Localized variables are created by appending a locale suffix to the variable name; note that this is only necessary where the data stored in the variable itself is localized and does not come from a controlled vocabulary. Natural language attributes for a localized variable should be provided in the locale of that variable. Localized versions of a variable must be of the same data type and dimensions and must contain the same number of elements appearing in the same order (i.e. weather_obs[0] is the English text and weather_obs_fr[0] is the French text of the same value).


variables:
    :localizations = "default: en-CA _fr: fr-CA _es: es-MX";

    char weather_obs(i);
    weather_obs:long_name = "Weather Conditions";

    char weather_obs_fr(i);
    weather_obs_fr:long_name = "Observations Météorologiques";

    char weather_obs_es(i);
    weather_obs_es:long_name = "Observaciones Meteorológicas"

data:
    weather_obs = "sunny", "rainy", ...;
    weather_obs_fr = "ensoleillé", "pluvieux", ...;
    weather_obs_es = "soleado", "lluvioso", ...;

ADDITION TO APPENDIX A

References https://www.rfc-editor.org/info/bcp47 https://www.iana.org/assignments/language-subtag-registry/language-subtag-registry

EDIT NOTES:

  1. I added a note that variables must be the same type, dimensions, and size as each other
  2. I noted the format of cell_methods and updated mine to match
turnbullerin commented 2 months ago

I'd like to especially draw people's attention to the change in Appendix A I put above as there are some open questions there still that have not been answered.

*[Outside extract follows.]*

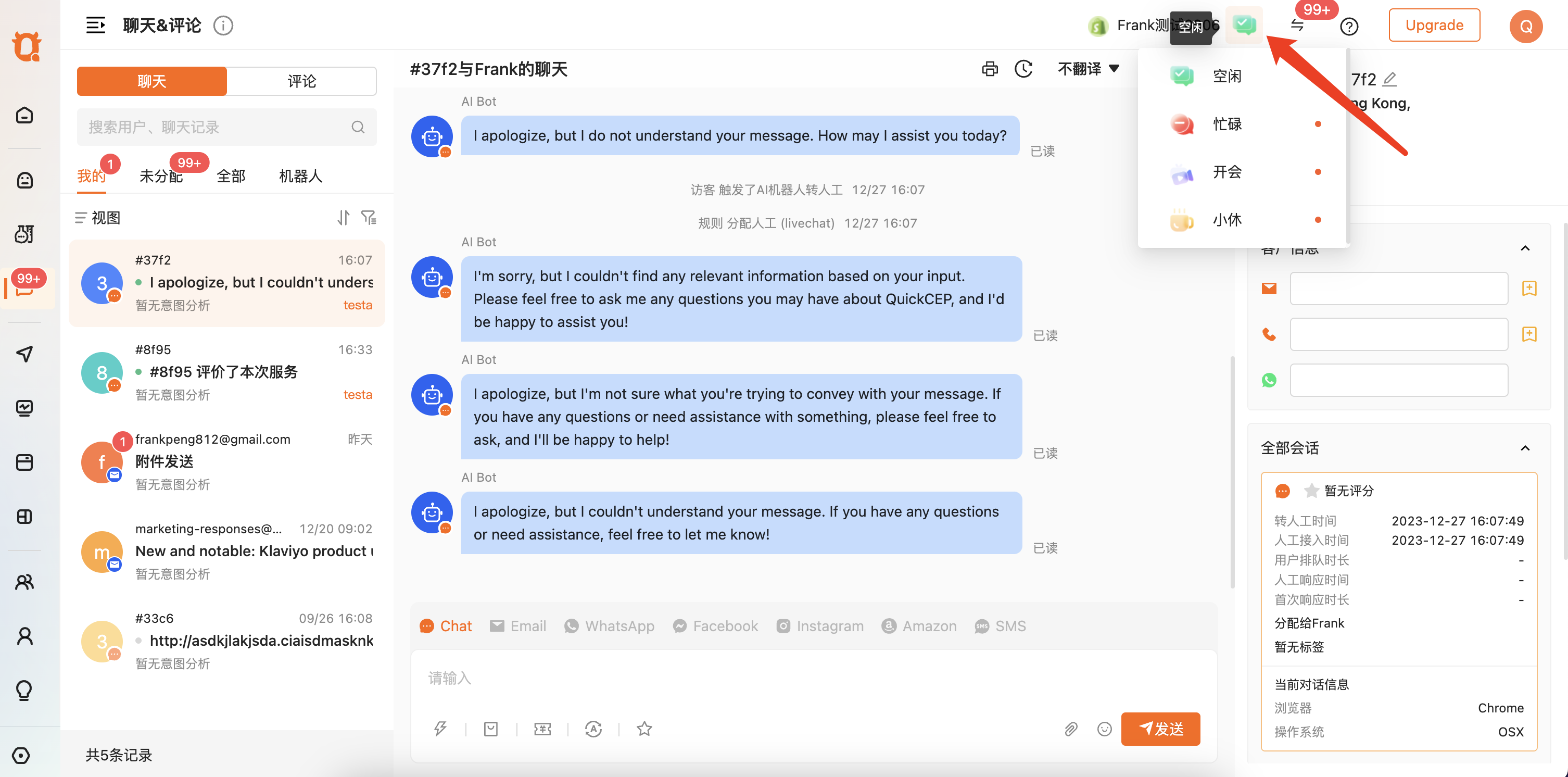 (2)座席人员可根据情况随时切换在线状态,非空闲状态下,系统不自动分配会话
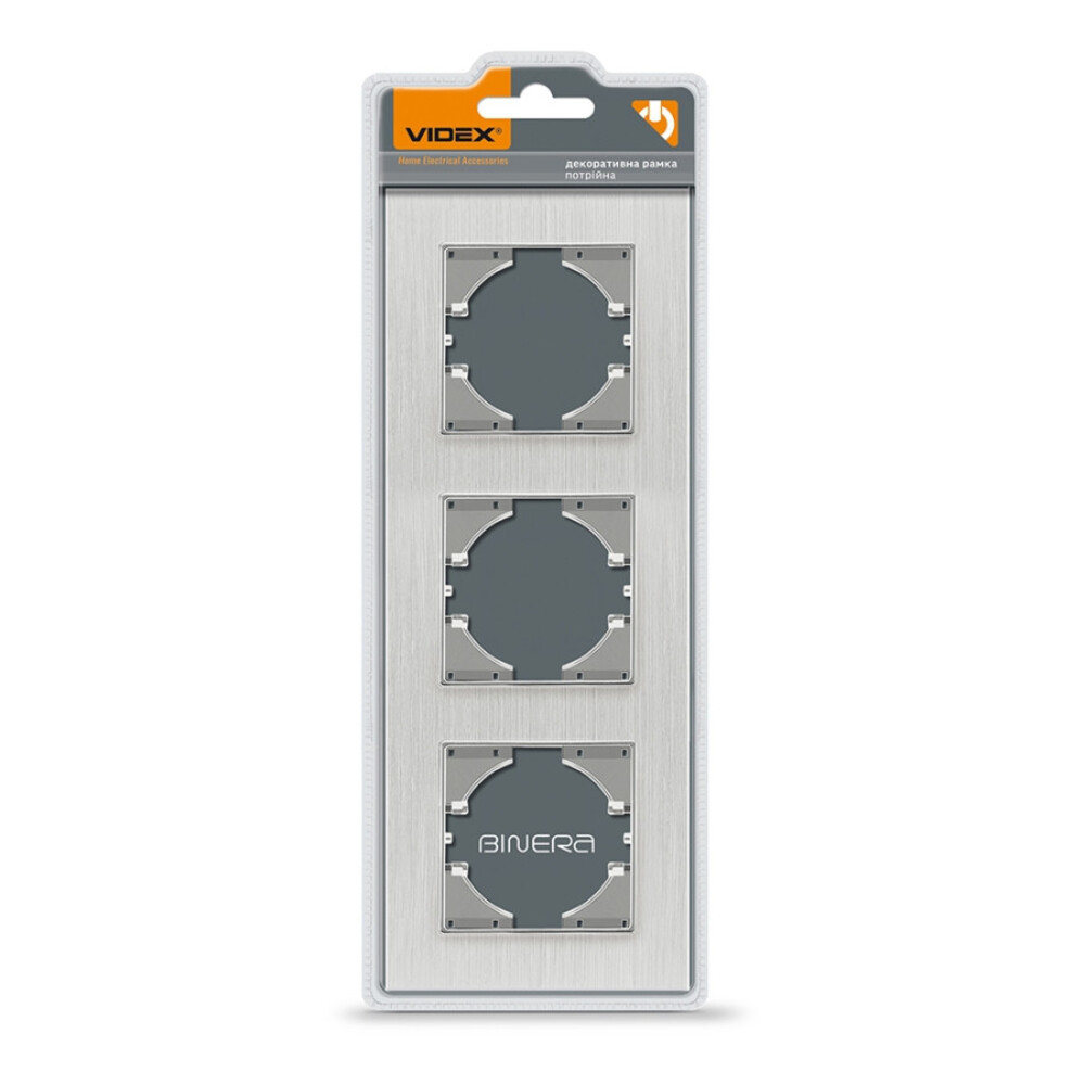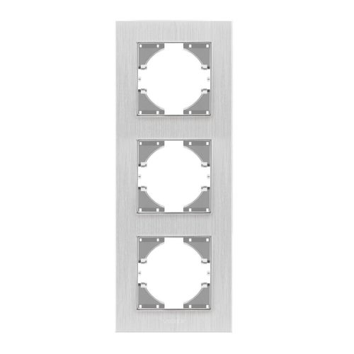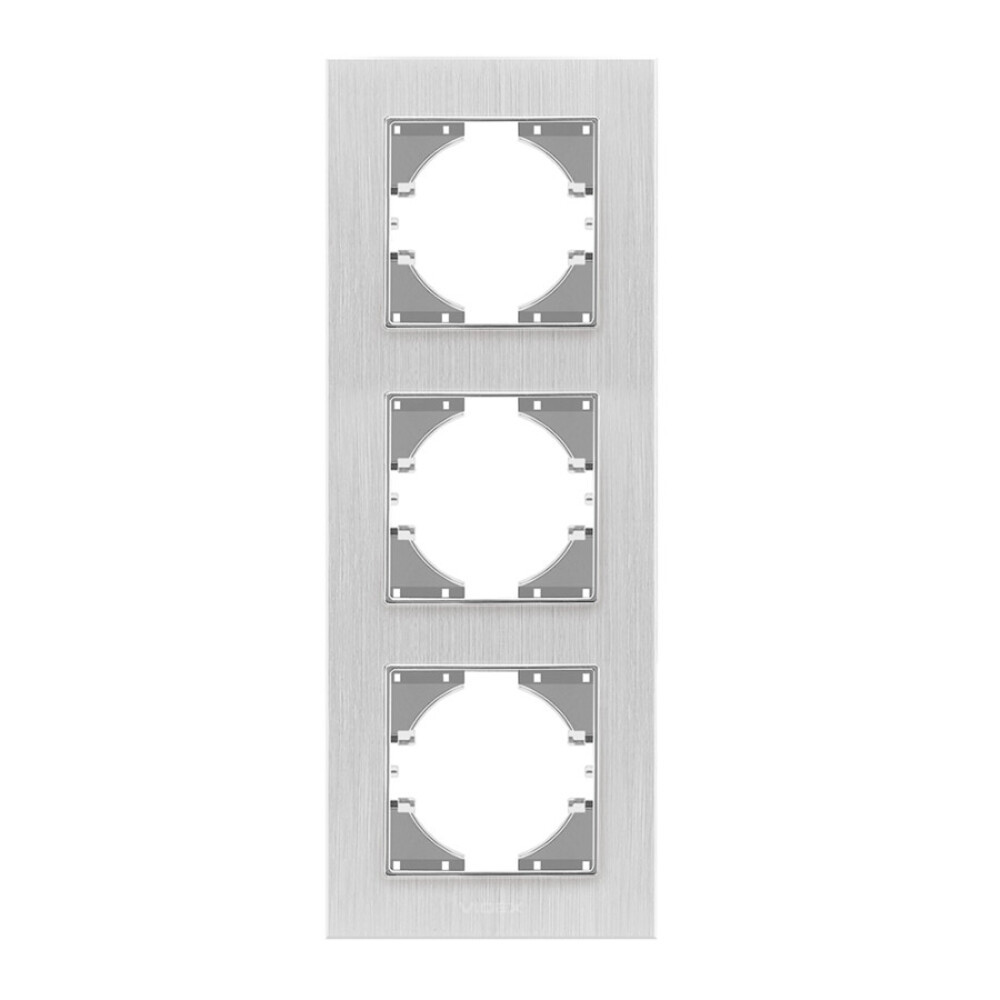 Videx Binera ezüst színű alumínium hármas függőleges keret (6/48), Pozíció: Függőleges Foglalatok száma: 3 Keret anyaga: Alumínium Mennyiség a belső dobozban: 6 darab Szín: Ezüst alumínium Telepítés típusa: Beépített Jótállási idő: 3 év Méretek: 228 x 86 x 6,5 mm Dobozonkénti mennyiség: 48 darab , ledmasterb2b

JonathanGregory commented 1 month ago

Dear Erin @turnbullerin

Thanks for your proposal. Although this issue started as a discussion, you're now making a definite proposal to change the convention. Therefore I think it would be appropriate if you began a new issue with this in the conventions repo.

Best wishes

Jonathan

turnbullerin commented 1 month ago

Will do!

JonathanGregory commented 1 month ago

Thanks, @turnbullerin. All interested in Erin's proposal, please comment on #528, and thanks for the discussion up to now.